Centipedes and Interior Design
My landlord’s wife recently observed upon entering my house, “This place looks like a bachelor pad.” She may have had a point. I share the house with one other single male and we both share a certain –how shall I say this?- -lack of concern- with décor. After all, it’s very convenient to store your surfboards in the living room especially when there’s not a lot of furniture to compete with for space. There IS a couch and a comfy one at that. There’s a table which has an exciting kind of rock to it when you lean on it and only three of the eight chairs are broken. There’s no artwork on the walls, not even a poster of a scantily clad woman to complete the effect, but there are some screws in the wall so that if we ever decided to hang something we would be half way there.
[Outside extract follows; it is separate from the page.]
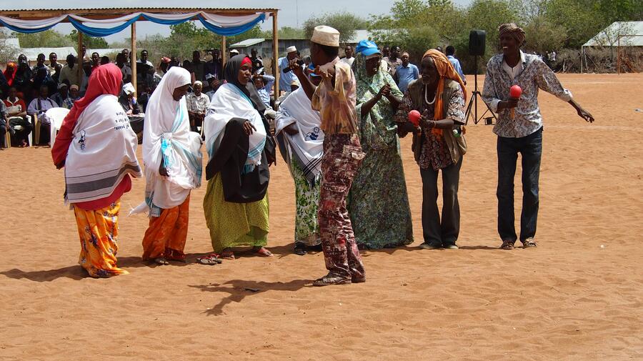Refugees take part in the opening ceremony for the new Kenyatta University campus in Dadaab.

What’s really remarkable is our collection of cups and glasses. There must be at least 50 of all shapes and sizes. No two match. It’s as if someone went around collecting all the drinking receptacles that didn’t sell at garage sales and brought them here. While it’s great to have a variety of vessels to choose from when you pour yourself some water, I wish we had more than two bowls. If anybody wants to film one of those reality shows where they re-do (or in this case just do) your home décor this might be the place work on. Otherwise we probably won’t be doing any fancy entertaining.
Of course we do have lots of guests of the insect variety. The ants are so firmly established and seem so small and harmless that I hardly notice them anymore. Just brush them off whatever your eating and chow down. I’m not so nonchalant about the cockroaches. Have you ever considered that cockroaches don’t actually do any harm. They don’t bite you and they seem to make an effort to stay out of your way, remaining hidden most of the time and only coming out at night. Their only real crime is being hideous. It’s sort of like The Phantom of the Opera. Someone should write a musical about that. Nevertheless, I swat them with a rolled up magazine whenever I see them. Their numbers seem to be diminishing but I don’t know if that’s because of my killing spree or if I have all those cute little chirping geckos to thank.
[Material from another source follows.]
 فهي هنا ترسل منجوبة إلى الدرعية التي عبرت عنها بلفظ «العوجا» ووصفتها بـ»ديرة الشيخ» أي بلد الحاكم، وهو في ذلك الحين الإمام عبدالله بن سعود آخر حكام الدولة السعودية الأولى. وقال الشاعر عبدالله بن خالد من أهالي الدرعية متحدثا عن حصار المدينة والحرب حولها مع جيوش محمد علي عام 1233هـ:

I’m just grateful that the centipedes haven’t found our little love shack. They are definitely NOT harmless. I’m not squeamish but I recently heard some centipede stories so bad that I’m not going to detail them here out of sensitivity to some of my centipede-phobic readers. Suffice to say these stories revolved around the centipede’s apparent instinct to seek out the warmth of the human body.
So maybe centipedes aren’t all that bad after all. They like to snuggle. And this photograph I took actually shows the centipede’s caring and maternal nature as it gathers together its mass of wriggling off-spring which I had scattered when I poked them with a stick. Maybe it’s that just that feminine touch that my house is missing.
6 Comments:
Incidentally, I sent this photgraph to the local newspaper and they published it!
First of all, the Phantom of the Opera, apart from being hideous, went around, like, killing people and stuff. But never mind that. When I lived on Oahu, we got some advice about the cockroaches, which was to put a flower vase full of beer out on the floor. The shape is important, some thing that goes concave in towards the top. The roaches are attracted to the beer, and can crawl in the thing, but then can't crawl out, and drown in beer, which is not a bad way to die, if you're feeling sorry for them or something. I can't remember if we actually tried it or not. Instead, we invented Roach Golf, which involves a broom and nerves of steel. You can decide what par is from wherever you find the roach to the door. Sounds like in your situation, that might put a few cups in peril. But you could stand to lose a few cups.
bor-ee-us,
For the love of God! Please put up a new post...so I don't have to see that creature every time I check your blog. A person can only take so much!
No musicals that I know of, but Kafka did write a famous novella about a cockroach and it has been made into play.
No sexist assumptions, now, or has your familiarity with centipedes grown so great you can tell that the crawler pictured is not a dadapede caring for his milky brood of manyfooters?
That's a good point, dad. It COULD be a dadapede.